I am trying to fit multiple nls functions using the split-apply-combine method with an example from Apply different start parameters to model using purrr::map within dplyr::mutate
The code ran 5 years ago but doesn’t run now.
library(tidyverse)
df <- data.frame(Group = c(rep("A", 7), rep("B", 7), rep("C", 7)),
Time = c(rep(c(1:7), 3)),
Result = c(100, 96.9, 85.1, 62.0, 30.7, 15.2, 9.6,
## I replaced these values!!
## Group B initial values are NOT MY PROBLEM
105, 90, 82, 55, 40, 23, 7,
100, 55.61, 3.26, -4.77, -7.21, -3.2, -5.6))

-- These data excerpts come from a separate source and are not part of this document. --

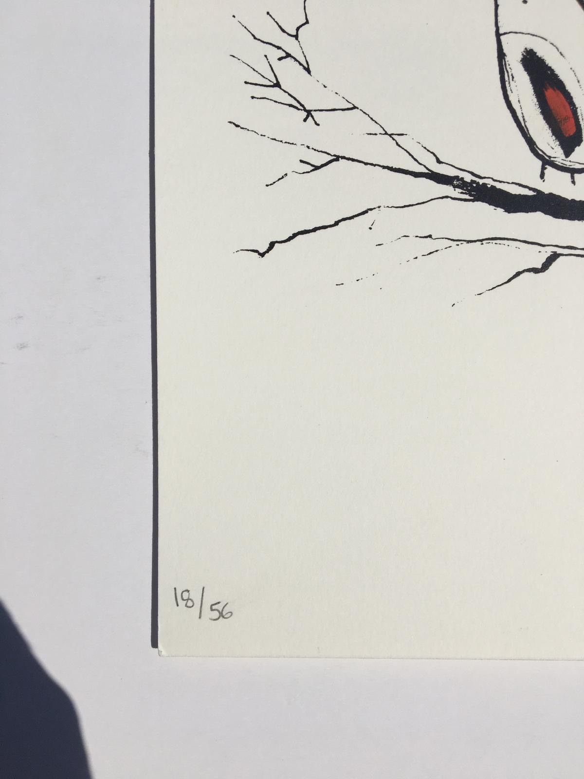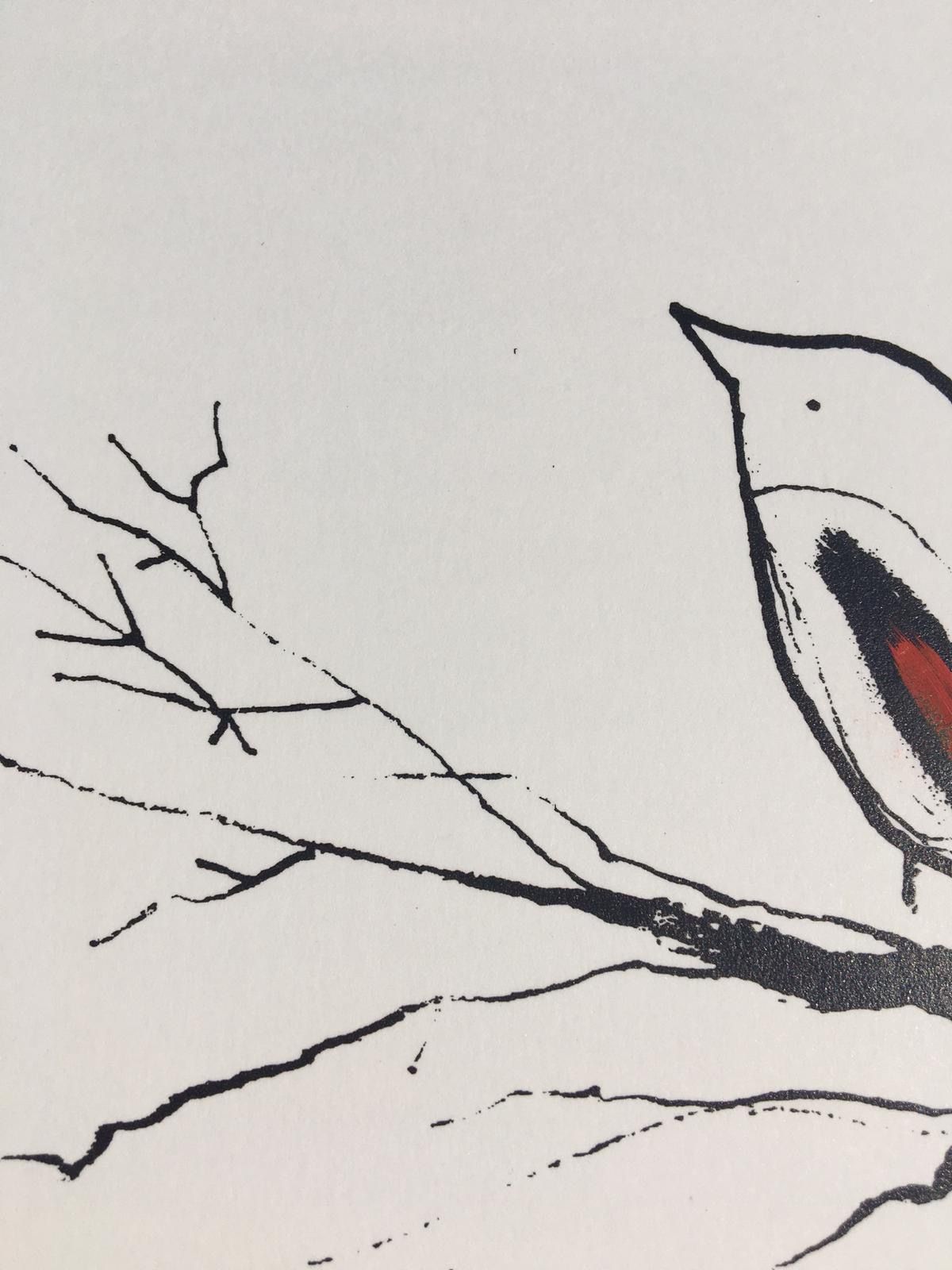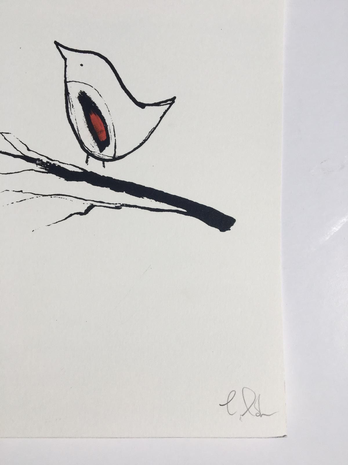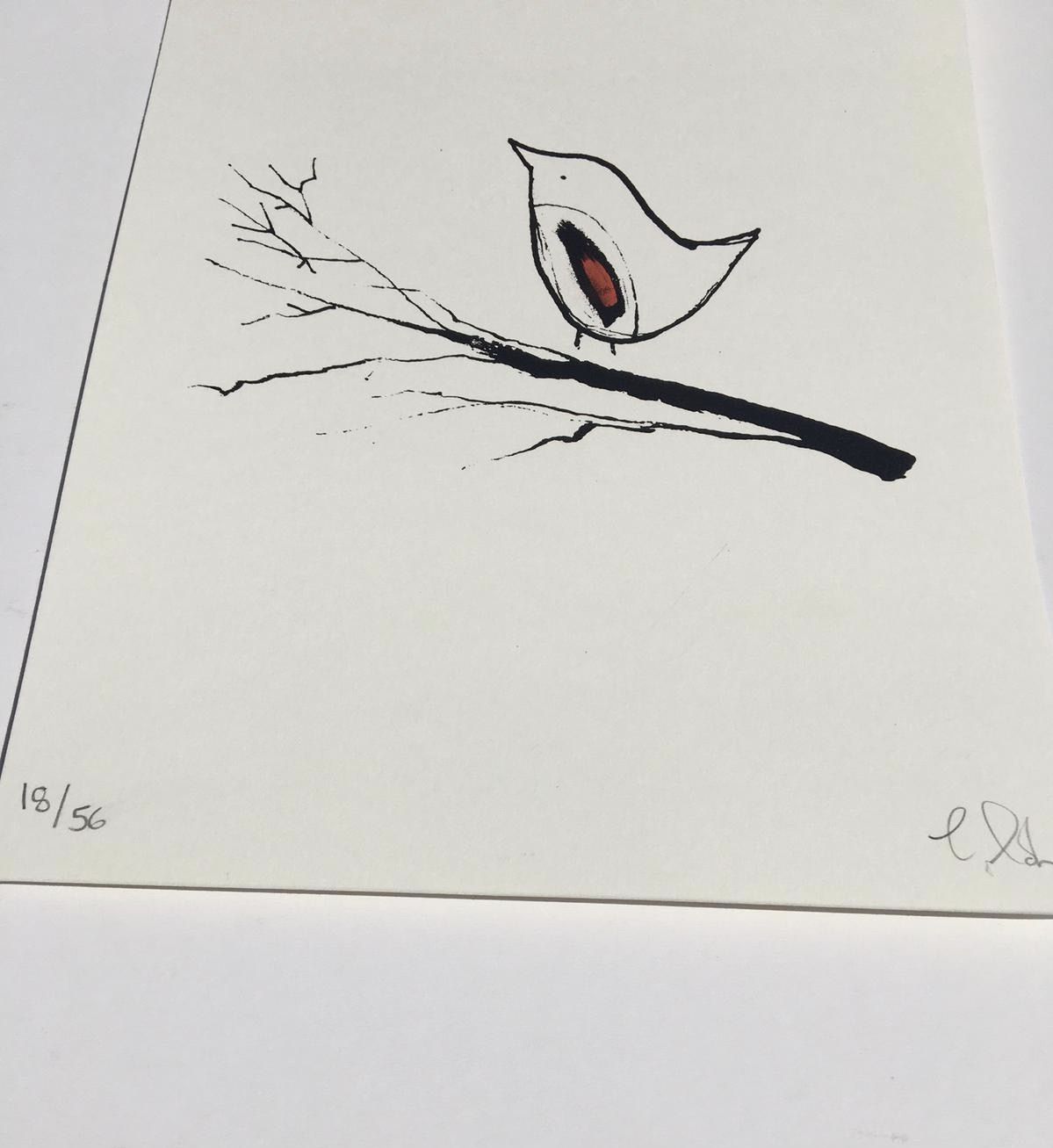 Gavin Dobson Robin Limited Edition Screen Print with Hand Painted Red Breast Edition of 56 Image Size: H 35cm x W 17.5cm Signed and Numbered Sold Unframed Robin is a limited edition screen print by Gavin Dobson on Southbank smooth paper 300 gsm. Gavin Dobson's artworks are available to buy online with Wychwood art and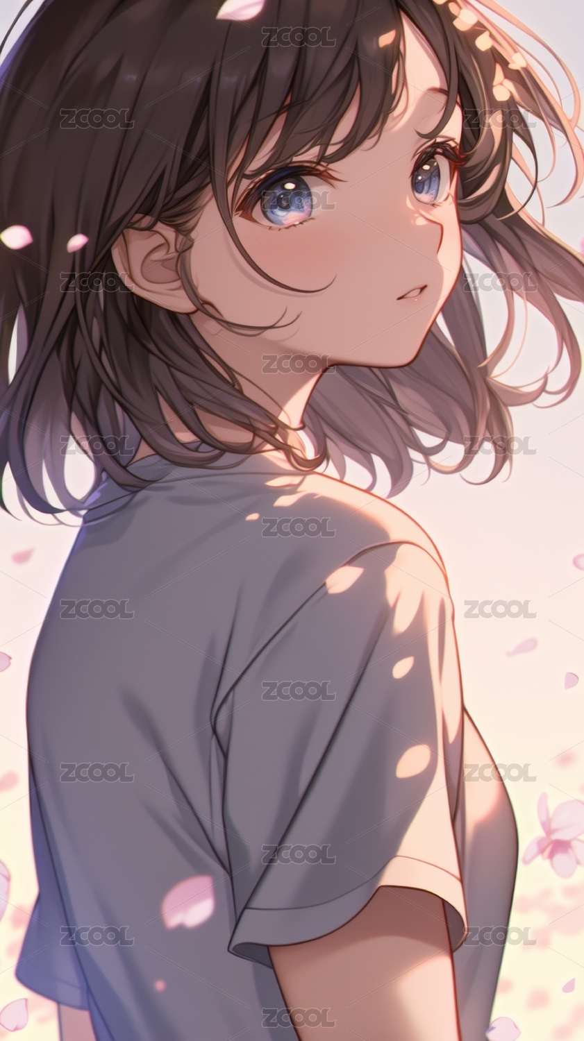 樱花飘落中的少女侧脸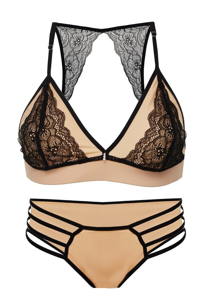 Seksowny komplet składający się z biustonosza wykonanego z miękkiego materiału ozdobiony śliczną koronką oraz zabudowanych fig. Biustonosz na elastycznej gumie ozdobiony na tyle delikatna koronką. Figi zdobią gumeczki.
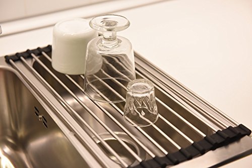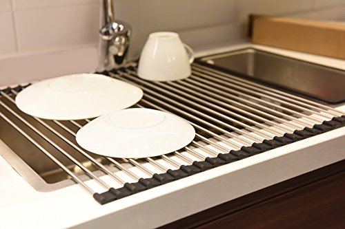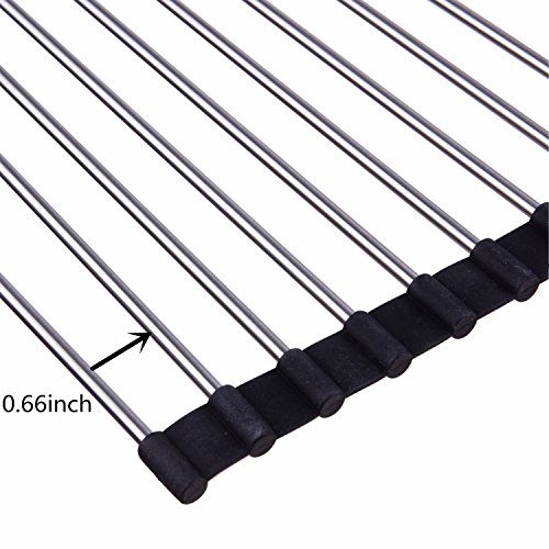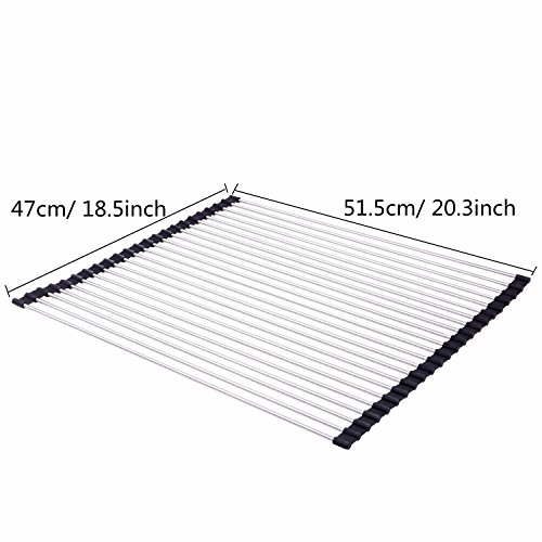 Kingnice Over the Sink Multipurpose Stainless Steel Roll-Up Dish Pot Drying Rack, 20.3"(L) x 18.5"(W), Black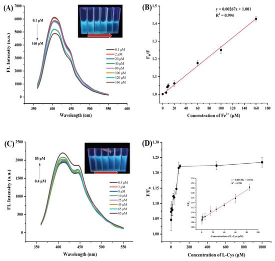 (A) Fluorescence spectra of CQDs (0.01 mg/mL) with various Fe3+ concentrations of 0.1–160 µM. Insert: photograph of CQDs with Fe3+ solutions under UV light (concentrations of Fe3+ are 0.1, 6, 10, 20, 100, and 160 μM; follow red arrow). (B) Relationship of F0/F and Fe3+ concentration. (C) Fluorescence spectra of CQDs/Fe3+ systems of different concentrations of L-Cys. Insert: image of CQDs/Fe3+ aqueous solutions treated with different concentrations of L-Cys under UV light (concentrations of L-Cys are 0.4, 6, 16, 26, 40, and 85 µM; follow red arrow). (D) Relationship of F0/F and L-Cys concentration. Insert: Linear relationship between F0/F of CQDs and concentration of L-Cys from 0.4 µM to 85 µM.

## ggplot(df, aes(x = Time, y = Result, group = Group)) + geom_line()
df_p <-
df %>%
group_by(Group) %>%
nest() %>%
## init vals are all the same, but this shows how to make them different
mutate(start = list(
list(a = -3, b = 85, c = 4, d = 10),
list(a = -3, b = 85, c = 4, d = 10),
list(a = -3, b = 85, c = 4, d = 10))
)
Error in `mutate()`:
! Problem while computing `start = list(...)`.
✖ `start` must be size 1, not 3.
ℹ The error occurred in group 1: Group = "A".
Backtrace:
1. df %>% dplyr::group_by(Group) %>% nest() %>% ...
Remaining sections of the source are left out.